Listed records ->
================

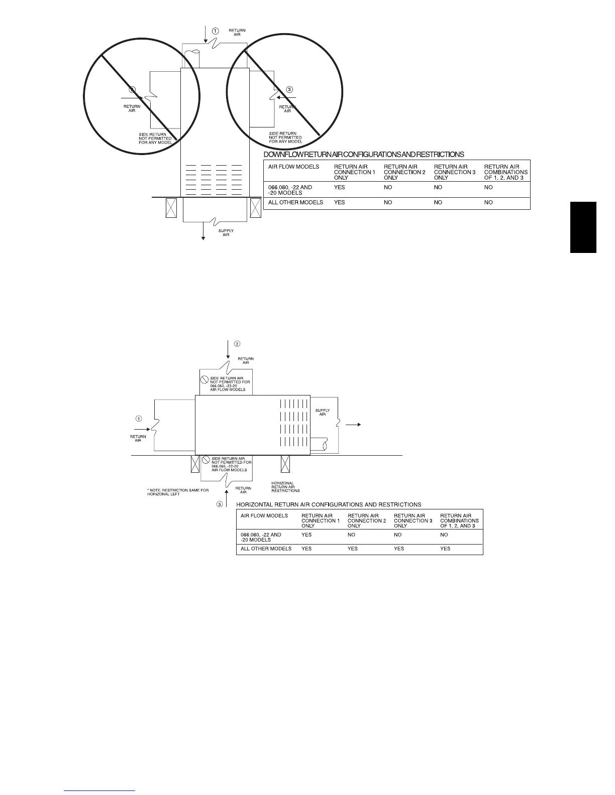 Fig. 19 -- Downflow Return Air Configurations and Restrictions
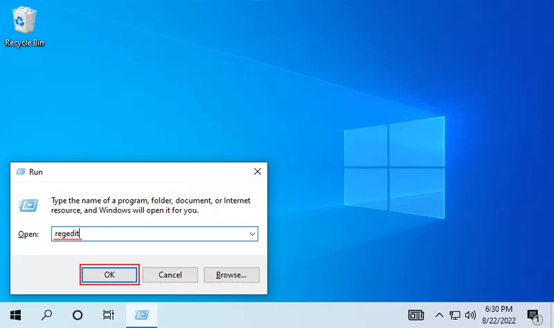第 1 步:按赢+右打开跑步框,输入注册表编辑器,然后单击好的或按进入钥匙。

================

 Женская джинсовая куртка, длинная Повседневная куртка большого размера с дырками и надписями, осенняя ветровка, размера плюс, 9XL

================

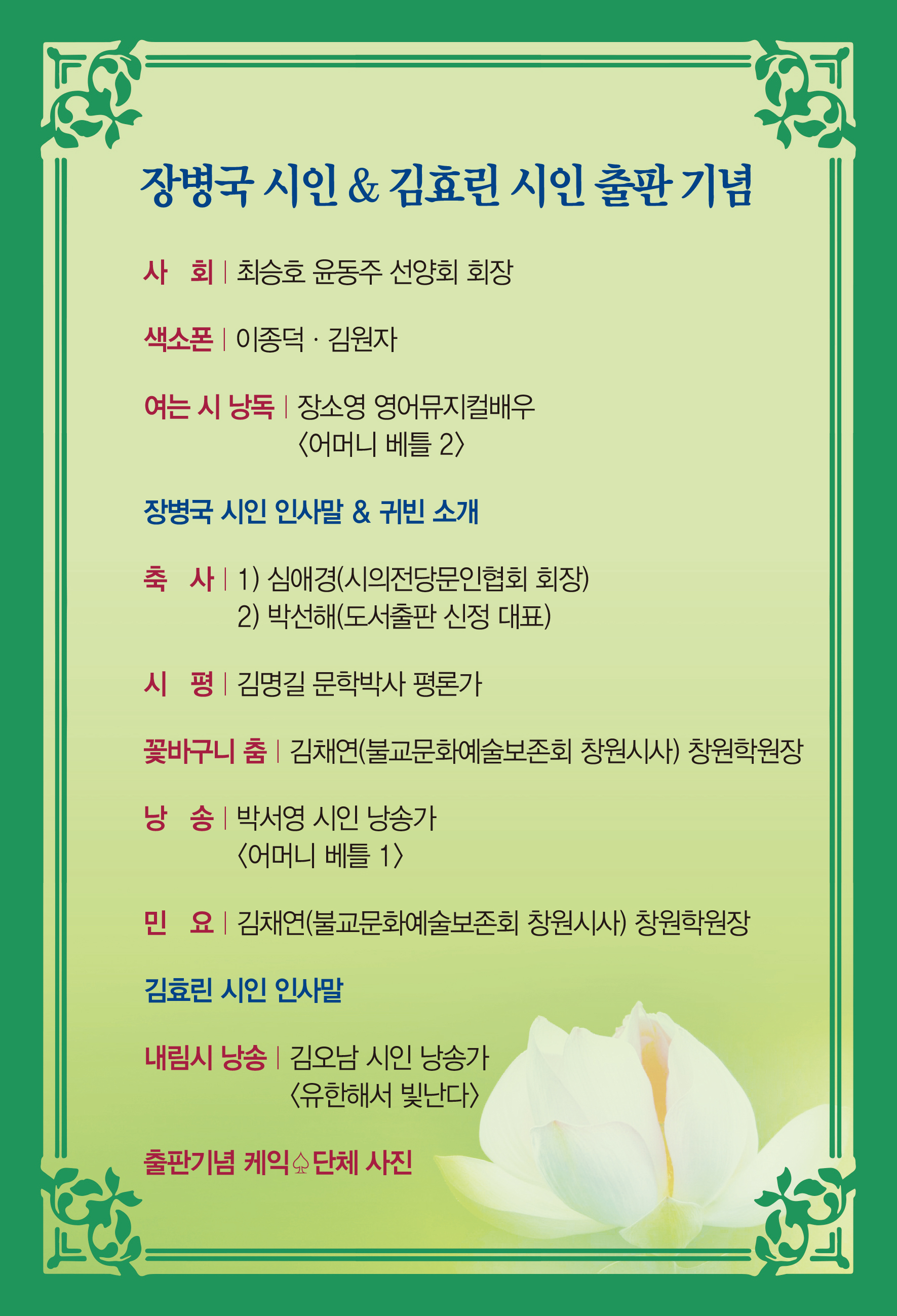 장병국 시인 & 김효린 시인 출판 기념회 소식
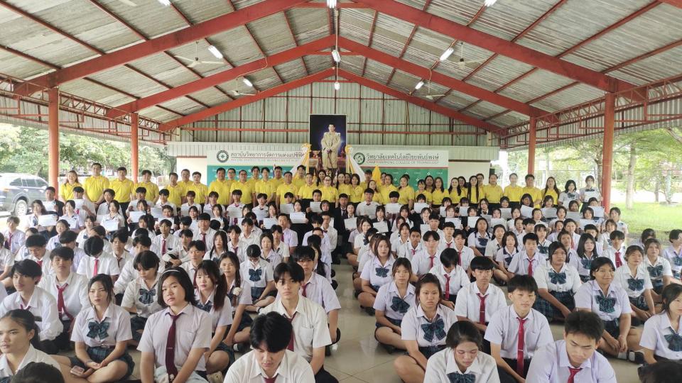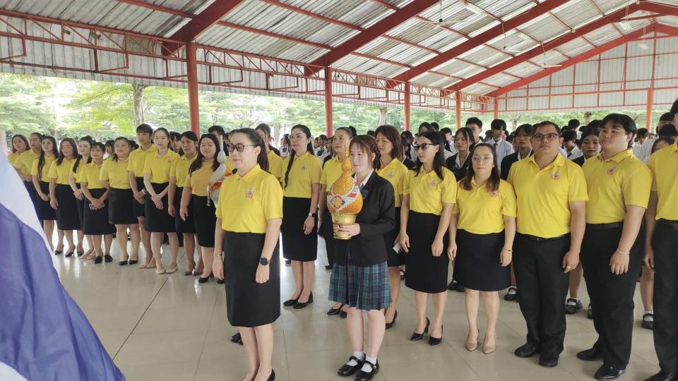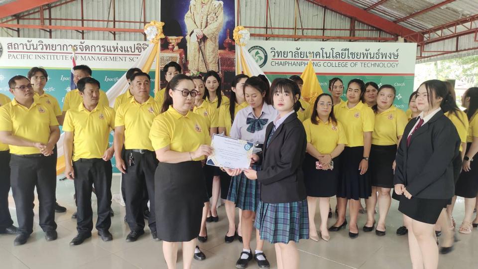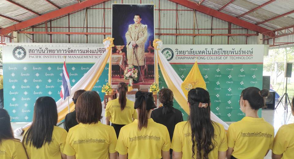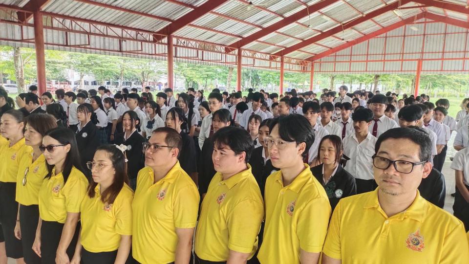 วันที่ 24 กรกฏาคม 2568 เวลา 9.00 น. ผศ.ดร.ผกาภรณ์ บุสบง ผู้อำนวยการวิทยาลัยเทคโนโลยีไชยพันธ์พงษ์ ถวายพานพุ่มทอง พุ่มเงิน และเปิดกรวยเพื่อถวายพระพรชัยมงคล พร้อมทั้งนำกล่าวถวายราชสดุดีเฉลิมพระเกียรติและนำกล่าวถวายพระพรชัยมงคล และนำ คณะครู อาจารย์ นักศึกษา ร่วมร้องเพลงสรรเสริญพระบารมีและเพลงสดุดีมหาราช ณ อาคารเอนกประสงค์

================

What is being asked ->
Copy word for word only the lines above from the one with "Fig. 19 -- Downflow" through the one with "第 1 步:按赢+右打开跑步框,输入注册表编辑器,然后单击好的或按进入钥匙。". Leave pictures out.

Solution ->
 Fig. 19 -- Downflow Return Air Configurations and Restrictions
第 1 步:按赢+右打开跑步框,输入注册表编辑器,然后单击好的或按进入钥匙。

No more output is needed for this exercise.